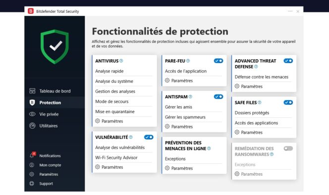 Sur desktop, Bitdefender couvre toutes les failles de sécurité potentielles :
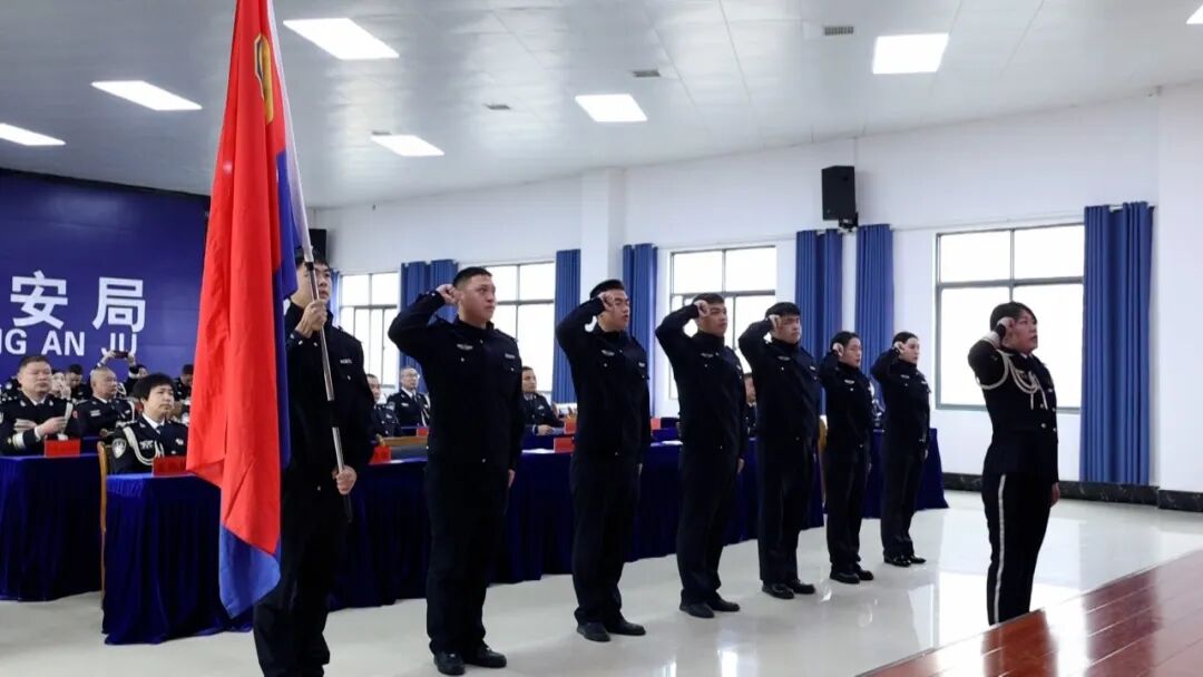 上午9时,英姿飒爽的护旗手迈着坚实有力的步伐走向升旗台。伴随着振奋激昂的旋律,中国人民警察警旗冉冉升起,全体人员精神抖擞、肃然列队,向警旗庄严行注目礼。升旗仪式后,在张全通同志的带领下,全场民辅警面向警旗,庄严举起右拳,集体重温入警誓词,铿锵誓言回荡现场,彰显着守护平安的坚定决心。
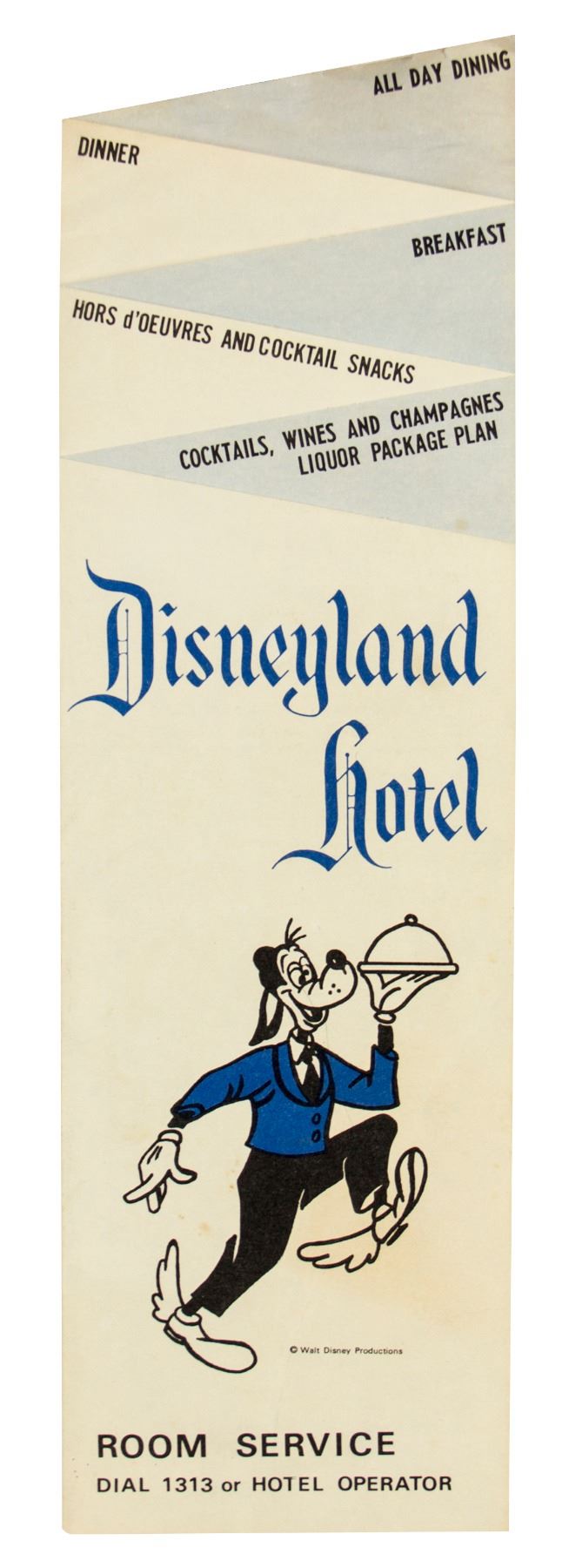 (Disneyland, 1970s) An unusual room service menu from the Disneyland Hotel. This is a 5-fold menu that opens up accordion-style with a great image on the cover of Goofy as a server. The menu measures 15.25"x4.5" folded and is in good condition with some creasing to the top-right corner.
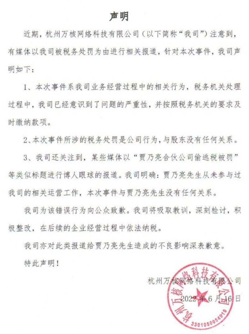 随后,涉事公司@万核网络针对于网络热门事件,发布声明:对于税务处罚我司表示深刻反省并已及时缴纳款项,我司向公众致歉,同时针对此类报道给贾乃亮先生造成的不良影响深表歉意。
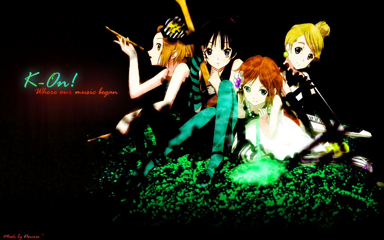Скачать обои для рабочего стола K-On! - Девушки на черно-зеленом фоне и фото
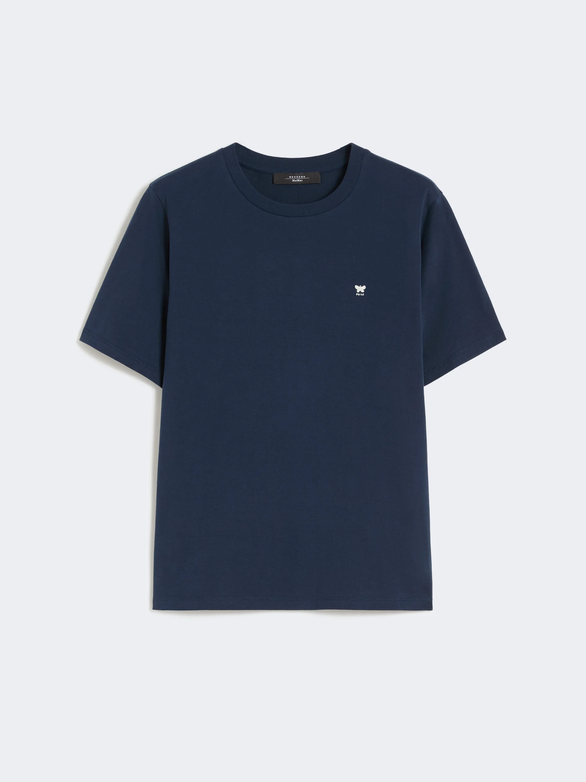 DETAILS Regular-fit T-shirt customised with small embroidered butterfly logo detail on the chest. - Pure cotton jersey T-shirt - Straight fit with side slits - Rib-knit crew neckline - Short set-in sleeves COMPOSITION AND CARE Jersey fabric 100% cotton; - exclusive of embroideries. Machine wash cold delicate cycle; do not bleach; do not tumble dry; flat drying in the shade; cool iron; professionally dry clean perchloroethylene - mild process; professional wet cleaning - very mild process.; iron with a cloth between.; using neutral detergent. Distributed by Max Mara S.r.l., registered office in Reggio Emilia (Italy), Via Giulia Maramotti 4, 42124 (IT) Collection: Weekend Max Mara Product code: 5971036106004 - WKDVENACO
━━━━━━━━
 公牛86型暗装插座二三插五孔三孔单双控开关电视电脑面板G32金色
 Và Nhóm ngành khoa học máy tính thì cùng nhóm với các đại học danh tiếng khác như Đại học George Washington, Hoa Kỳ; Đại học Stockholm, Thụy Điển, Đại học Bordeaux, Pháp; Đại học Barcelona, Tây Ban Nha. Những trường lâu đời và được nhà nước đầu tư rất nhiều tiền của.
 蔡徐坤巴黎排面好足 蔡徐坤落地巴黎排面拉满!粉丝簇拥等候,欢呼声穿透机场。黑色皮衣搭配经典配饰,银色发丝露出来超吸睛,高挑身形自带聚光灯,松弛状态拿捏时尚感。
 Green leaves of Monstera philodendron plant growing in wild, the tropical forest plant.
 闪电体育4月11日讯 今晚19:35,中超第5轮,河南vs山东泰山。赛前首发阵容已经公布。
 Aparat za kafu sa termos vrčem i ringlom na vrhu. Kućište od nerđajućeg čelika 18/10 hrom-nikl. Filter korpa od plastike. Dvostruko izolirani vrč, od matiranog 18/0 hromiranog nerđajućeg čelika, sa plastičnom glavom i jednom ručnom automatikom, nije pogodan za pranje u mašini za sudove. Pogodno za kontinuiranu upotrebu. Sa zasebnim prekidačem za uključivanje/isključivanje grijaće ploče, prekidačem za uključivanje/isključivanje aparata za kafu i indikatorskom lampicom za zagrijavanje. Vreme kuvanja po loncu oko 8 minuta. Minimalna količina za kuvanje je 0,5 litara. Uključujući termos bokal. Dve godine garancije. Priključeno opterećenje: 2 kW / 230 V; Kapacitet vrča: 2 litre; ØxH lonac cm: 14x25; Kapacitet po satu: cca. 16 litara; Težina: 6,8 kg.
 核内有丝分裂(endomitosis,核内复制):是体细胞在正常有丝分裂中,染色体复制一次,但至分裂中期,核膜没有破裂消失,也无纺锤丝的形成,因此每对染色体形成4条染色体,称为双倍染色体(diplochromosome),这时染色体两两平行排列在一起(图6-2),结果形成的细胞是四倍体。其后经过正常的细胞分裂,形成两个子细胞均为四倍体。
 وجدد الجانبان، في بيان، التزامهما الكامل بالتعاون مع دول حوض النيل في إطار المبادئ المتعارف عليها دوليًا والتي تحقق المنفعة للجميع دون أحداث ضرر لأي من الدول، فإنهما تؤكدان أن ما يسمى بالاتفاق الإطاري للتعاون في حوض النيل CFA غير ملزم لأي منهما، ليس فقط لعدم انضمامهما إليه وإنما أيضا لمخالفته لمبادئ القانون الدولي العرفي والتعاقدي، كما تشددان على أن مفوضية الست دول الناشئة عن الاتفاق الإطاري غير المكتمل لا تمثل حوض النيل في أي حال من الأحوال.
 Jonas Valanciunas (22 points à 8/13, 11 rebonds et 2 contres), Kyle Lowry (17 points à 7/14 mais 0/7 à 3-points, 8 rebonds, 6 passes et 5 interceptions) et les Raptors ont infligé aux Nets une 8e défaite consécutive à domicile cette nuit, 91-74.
━━━━━━━━
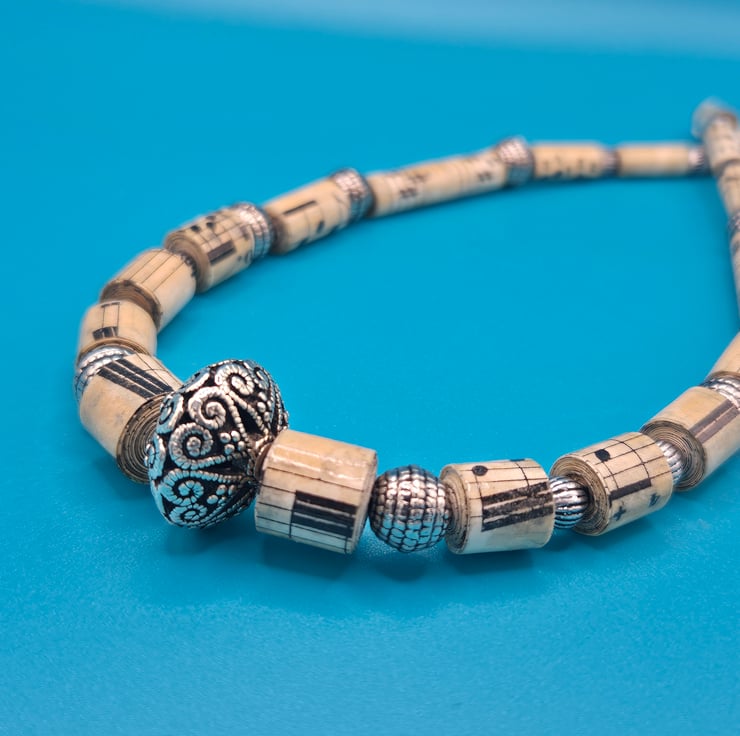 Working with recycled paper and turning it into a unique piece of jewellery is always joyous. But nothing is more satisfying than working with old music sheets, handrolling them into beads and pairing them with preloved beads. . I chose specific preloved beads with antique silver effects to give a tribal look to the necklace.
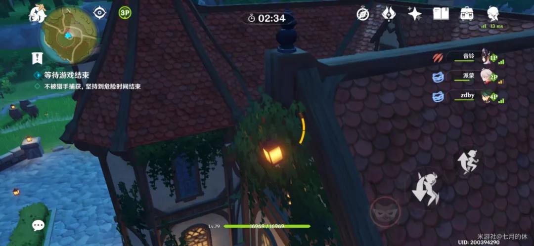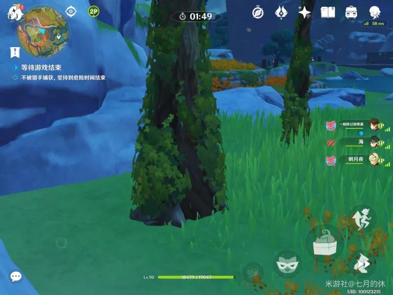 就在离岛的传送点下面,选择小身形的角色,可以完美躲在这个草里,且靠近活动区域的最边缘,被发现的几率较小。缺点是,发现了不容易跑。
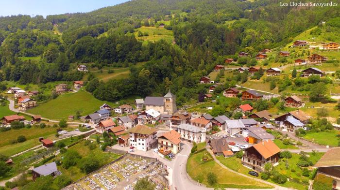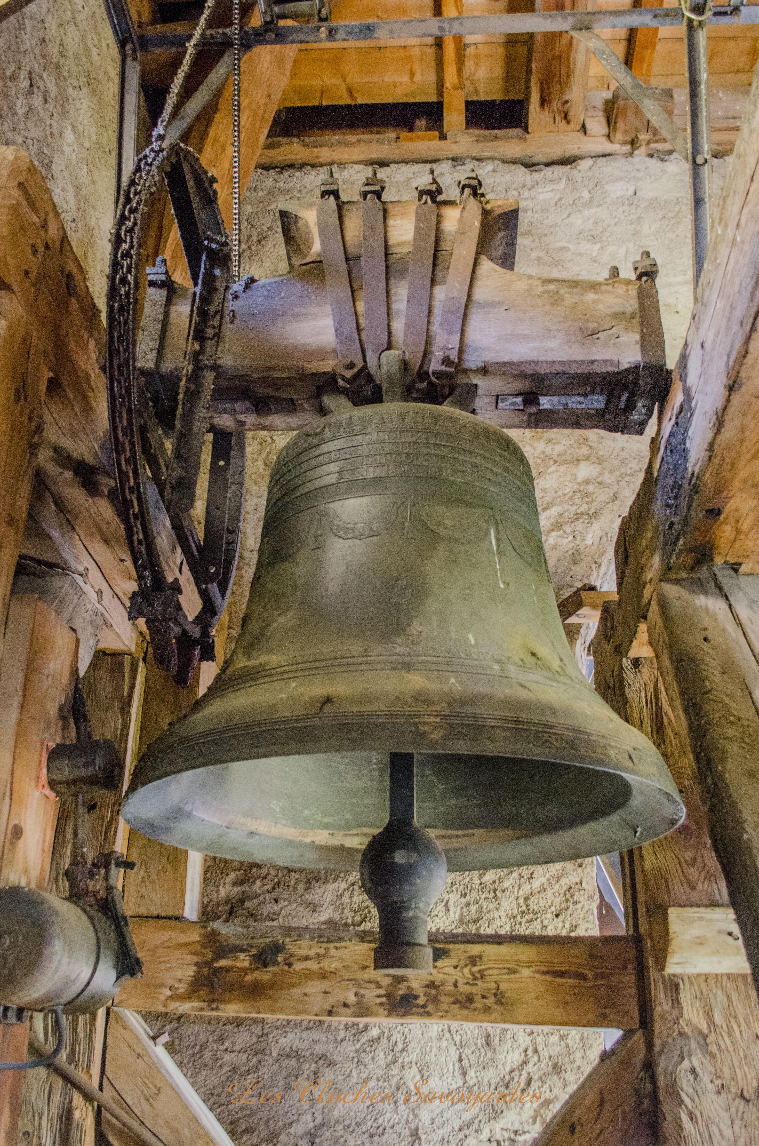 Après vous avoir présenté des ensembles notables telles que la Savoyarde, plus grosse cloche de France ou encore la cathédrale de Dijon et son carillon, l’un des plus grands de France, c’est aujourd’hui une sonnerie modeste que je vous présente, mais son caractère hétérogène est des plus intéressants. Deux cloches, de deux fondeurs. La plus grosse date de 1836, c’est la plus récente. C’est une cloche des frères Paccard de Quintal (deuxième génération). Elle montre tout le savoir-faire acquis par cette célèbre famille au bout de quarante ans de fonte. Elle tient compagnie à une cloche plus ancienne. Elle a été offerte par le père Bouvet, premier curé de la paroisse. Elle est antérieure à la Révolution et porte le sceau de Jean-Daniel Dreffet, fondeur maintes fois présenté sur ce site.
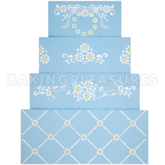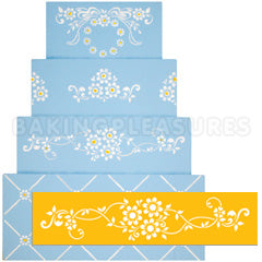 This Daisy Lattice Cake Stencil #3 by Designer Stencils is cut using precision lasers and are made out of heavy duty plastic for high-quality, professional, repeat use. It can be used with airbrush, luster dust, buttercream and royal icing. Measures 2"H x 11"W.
━━━━━━━━
▶ **Work task**
Leave the pictures out, and transcribe exactly the lines above starting at the one that contains "Sur desktop, Bitdefender" and ending at the one that contains "Скачать обои для".

▶ **Result**
 Sur desktop, Bitdefender couvre toutes les failles de sécurité potentielles :
 上午9时,英姿飒爽的护旗手迈着坚实有力的步伐走向升旗台。伴随着振奋激昂的旋律,中国人民警察警旗冉冉升起,全体人员精神抖擞、肃然列队,向警旗庄严行注目礼。升旗仪式后,在张全通同志的带领下,全场民辅警面向警旗,庄严举起右拳,集体重温入警誓词,铿锵誓言回荡现场,彰显着守护平安的坚定决心。
 (Disneyland, 1970s) An unusual room service menu from the Disneyland Hotel. This is a 5-fold menu that opens up accordion-style with a great image on the cover of Goofy as a server. The menu measures 15.25"x4.5" folded and is in good condition with some creasing to the top-right corner.
 随后,涉事公司@万核网络针对于网络热门事件,发布声明:对于税务处罚我司表示深刻反省并已及时缴纳款项,我司向公众致歉,同时针对此类报道给贾乃亮先生造成的不良影响深表歉意。
Скачать обои для рабочего стола K-On! - Девушки на черно-зеленом фоне и фото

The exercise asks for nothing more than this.